No one could have missed Finland’s search for sustainability with green recovery or Europe’s commitment to a just green transition. But what is the role of knowledge and knowledge producers in sustainability transition?
Sustainability improvements are targeted at climate change, biodiversity loss and chemicalization. To tackle these issues, we need sustainability improvements across the society, for example in waste management, food production and traffic infrastructure.
At the system level this means sustainability transition. Sustainability transition requires a re-orientation in administration and business, among cities and rural municipalities as well as inhabitants and users of new technologies.
The expectations on sustainability transition are high. This generates big expectations also for research and research uptake. The diversity of range of knowledge needs are exemplified by the Finnish low carbon roadmaps. The routes on these roadmaps are not straight, neither can their implementation cut corners: the implementation will generate more knowledge, as the industries and researchers cooperate.
Sustainabiity transition will transform our societal systems
Sustainability transitions are more than the sum of specific sustainability improvements. It is not enough that we see a rise in solar panel production. Rather, we need change in the entire energy system, also in those systems that consume energy. Energy consuming buildings, vehicles, infrastructure and gadgets can start producing or storing energy, and energy saving can be a business.
It is also not enough for sustainability transition that Finland there is a new faba bean product or that the sales of oat milk are on the rise. In addition to food production and processing, new selections in shops and restaurants, sustainable food transition requires completely new dialogue and identities. We need the producers of a range of new ingredients and dishes, and good cooks. The everyday and party meals at home and in canteens can be renewed so that our plates can be filled with nutritious, low footprint and fair staff that makes us enjoy the meal.
Sustainability transition means that our societal systems, from ecosystems to food production and from transport to industrial system, accounting for our wellbeing, will be radically transformed. The direction of this transformation will need to be assessed and re-assesed along the way. For this, the society needs knowledge.
We need transition in the way we produce and deliberate knowledge
The promotion of large-scale systemic change requires much new knowledge. Knowledge can be produced, tested, verified and utilized during the process of change. In this process we will have to identify connections between issues, address wicked complex bundles of problems, new unforeseen risks as well as the distribution of benefits and costs.
This is why we need a transition also in the way we conduct and deliberate research. Sustainability transition implies that knowledge production and utilization come closer together.
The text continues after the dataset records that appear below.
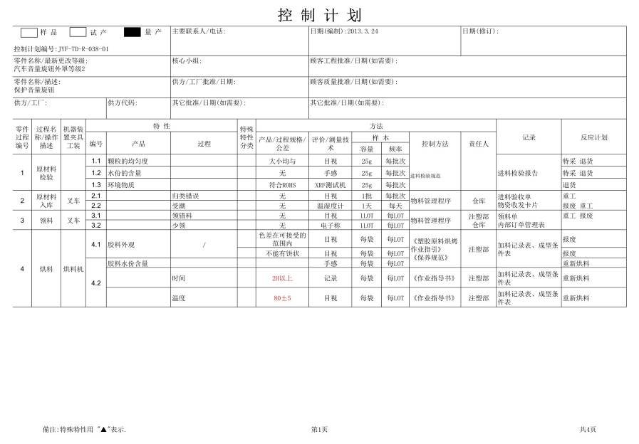 生产-对产品/过程控制特性、影响特殊特性的过程控制、相关的试验以及在产品形成规模和正常生产过程中使用的测量系统等形成文件。根据组织的判定,还可以包括其他内容。
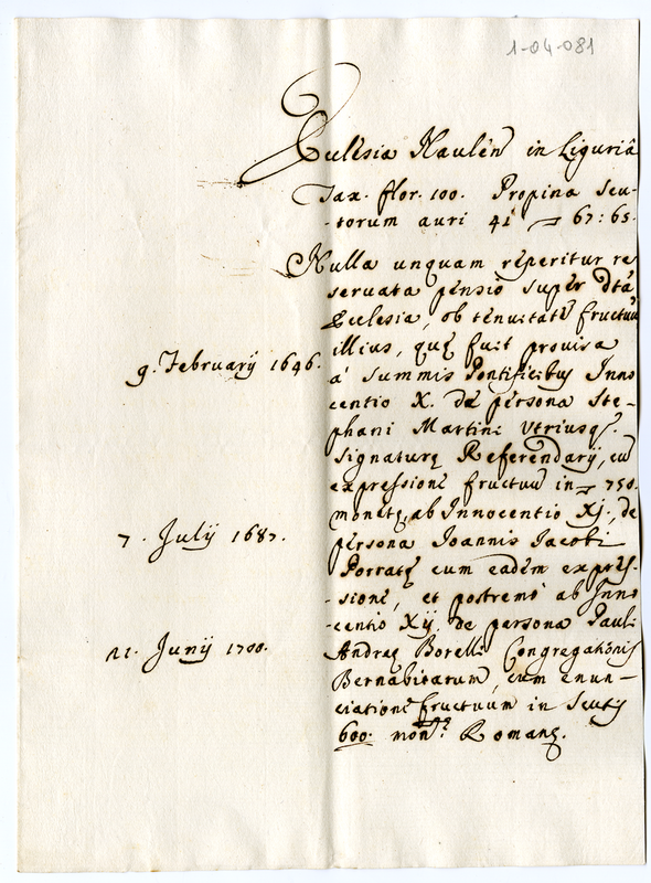 Rendite di alcune chiese dello stato genovese
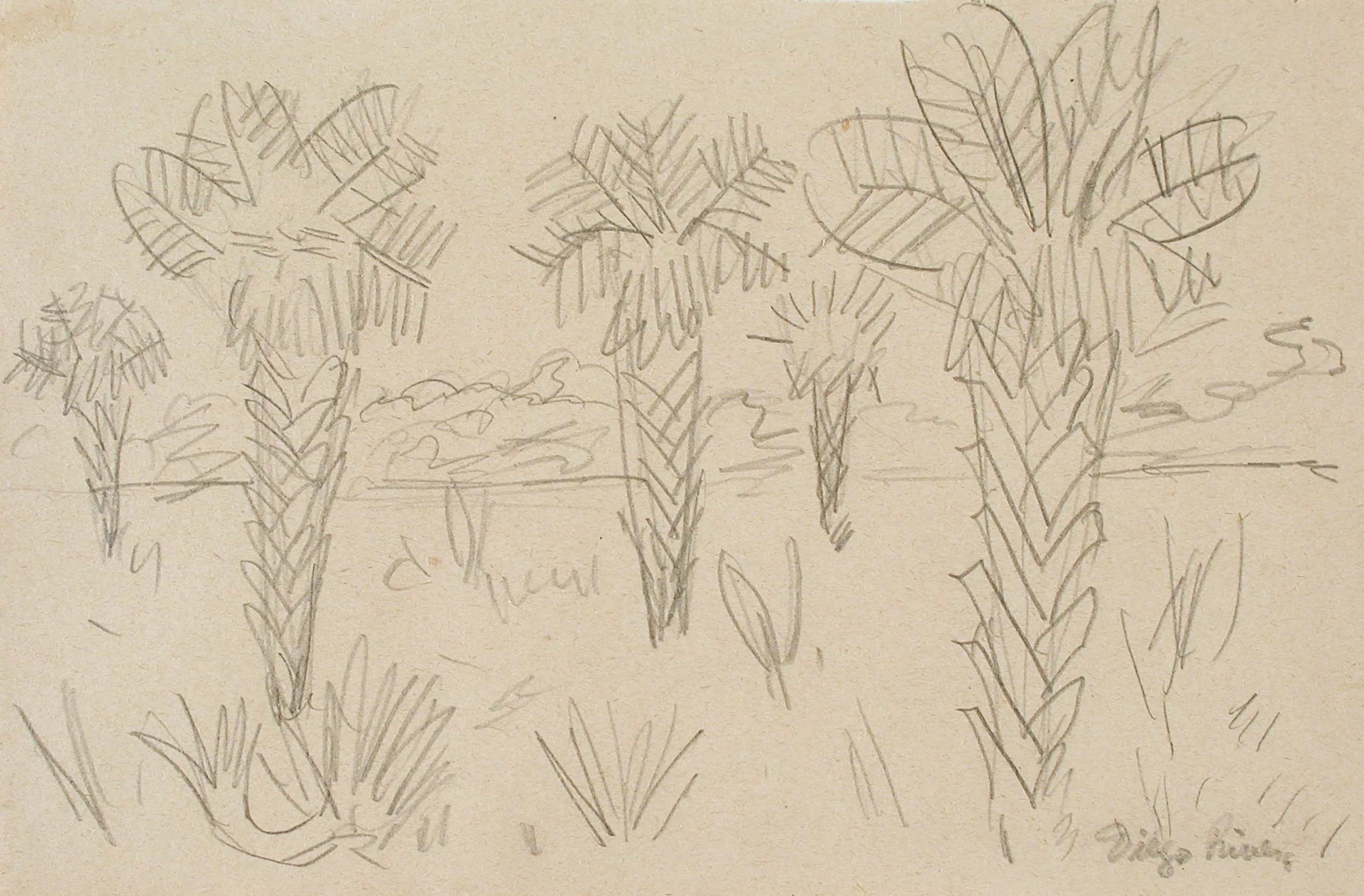 Graphite drawing on tan paper of four palm trees in a loose, sketchy style, with low vegetation and a distant horizon; signed 'Diego Rivera' lower right
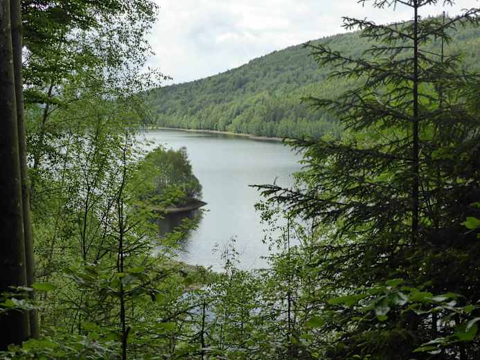 An der Dammkrone verlässt man die Markierung „Borstgras“ und geht nach rechts zum nördlichen Ufer. Hier folgt man der Markierung „Gläserner Steig“ nach links und später an der Kreuzung nach rechts hinunter bis Buchenau.
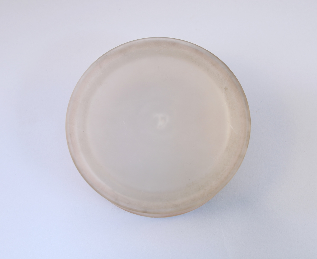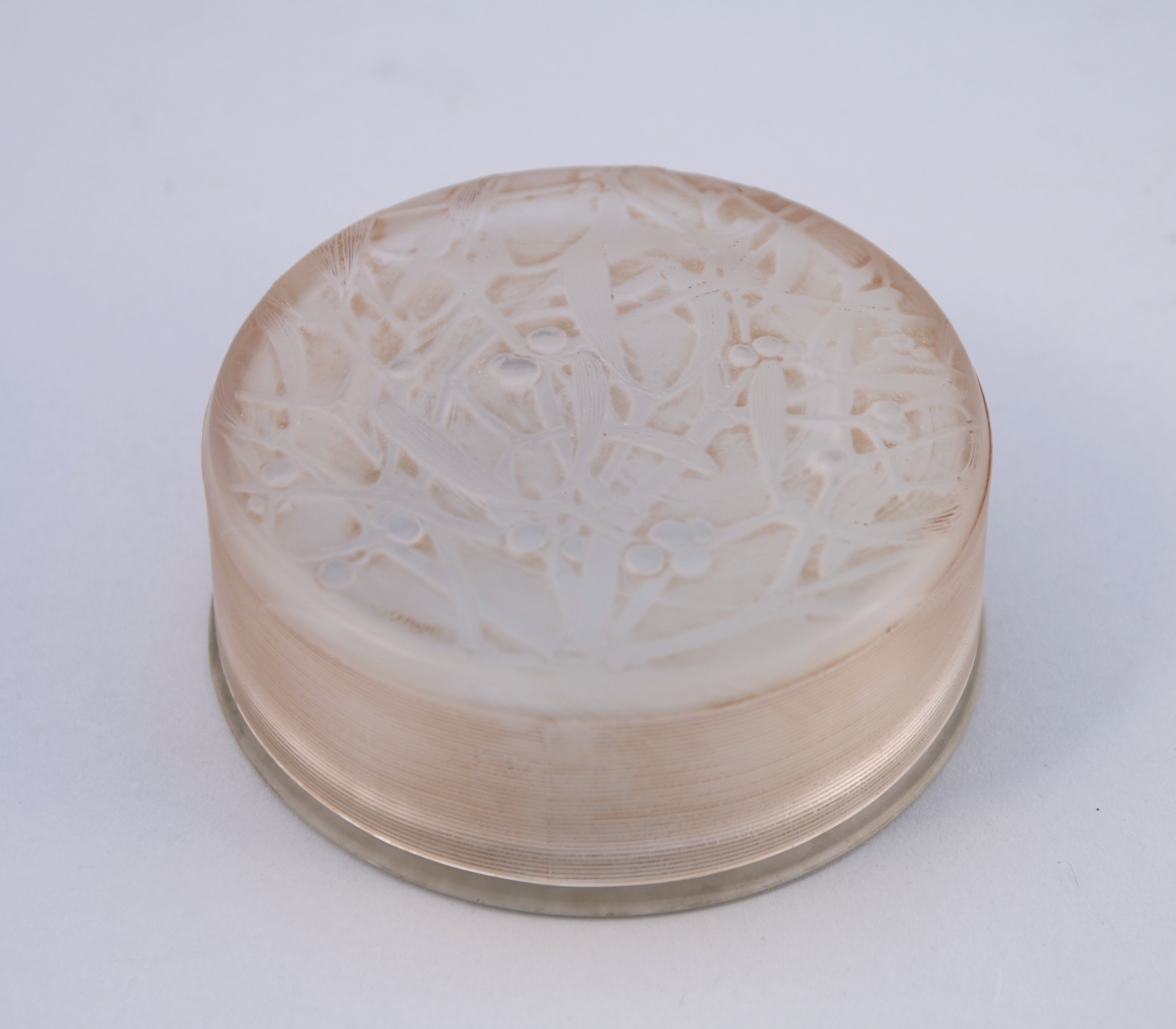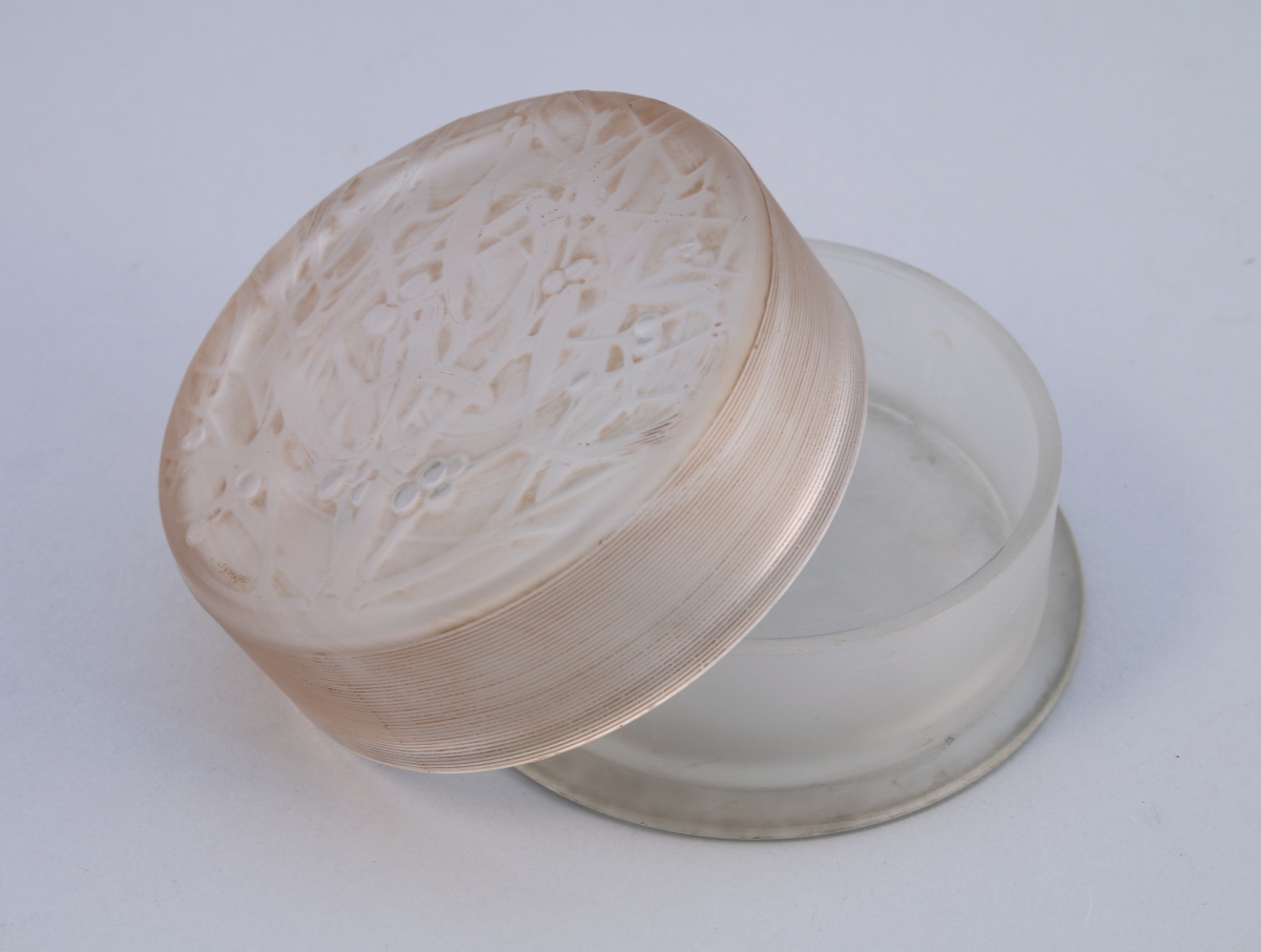 LALIQUE (1860-1945). BOÎTE À POUDRE de forme ronde, modèle "Gui", en verre incolore pressé et moulé. Le couvercle légèrement bombé à décor de rameaux de gui entrelacés. Signée " R.Lalique" et marque au masque des verreries d'Alsace. Modèle créé en 1920.

The interface between knowledge production and use becomes an active zone for critical dialogue and search for solutions.
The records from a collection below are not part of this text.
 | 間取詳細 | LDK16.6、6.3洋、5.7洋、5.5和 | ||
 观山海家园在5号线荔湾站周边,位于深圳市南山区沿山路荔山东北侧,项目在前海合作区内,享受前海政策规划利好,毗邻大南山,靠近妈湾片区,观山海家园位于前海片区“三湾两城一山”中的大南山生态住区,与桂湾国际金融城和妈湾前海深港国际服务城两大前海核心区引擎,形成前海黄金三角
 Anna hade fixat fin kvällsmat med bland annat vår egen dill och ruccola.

Research helps in finding the direction for sustainability transition and in assessing progress toward sustainability. However, because the makers of transition and those who are in the midst of it also generate knowledge, research has a special role in in relating and positioning different views, innovations, observations and masses of data.
This is the knowledge production system in which the 25-year old Finnish Environment Institute SYKE operates. SYKE is an active promoter of sustainability transition at all stages of knowledge production. SYKE bridges problem identification and solution seeking with the knowledge production stages that generate observations, model processes and develop scenarios.
Sustainability transition happens across the society, all over the world. This is why SYKE operates in close dialogue and collaboration with others.
Eeva Primmer is SYKE’s Research Director and Acting Director General. She has always worked in the interface between knowledge production and use. In her free time she enjoys ecosystems and is in dialogue with her friends.
Eeva Furman is the Director of SYKE’s Environmental Policy Centre and the Chair of Finland’s Sustainability Panel. Her ambition is to engage in discussions with people whose perspectives differ from hers. In her free time she relaxes both in nature and in the watermarks of urban landscapes.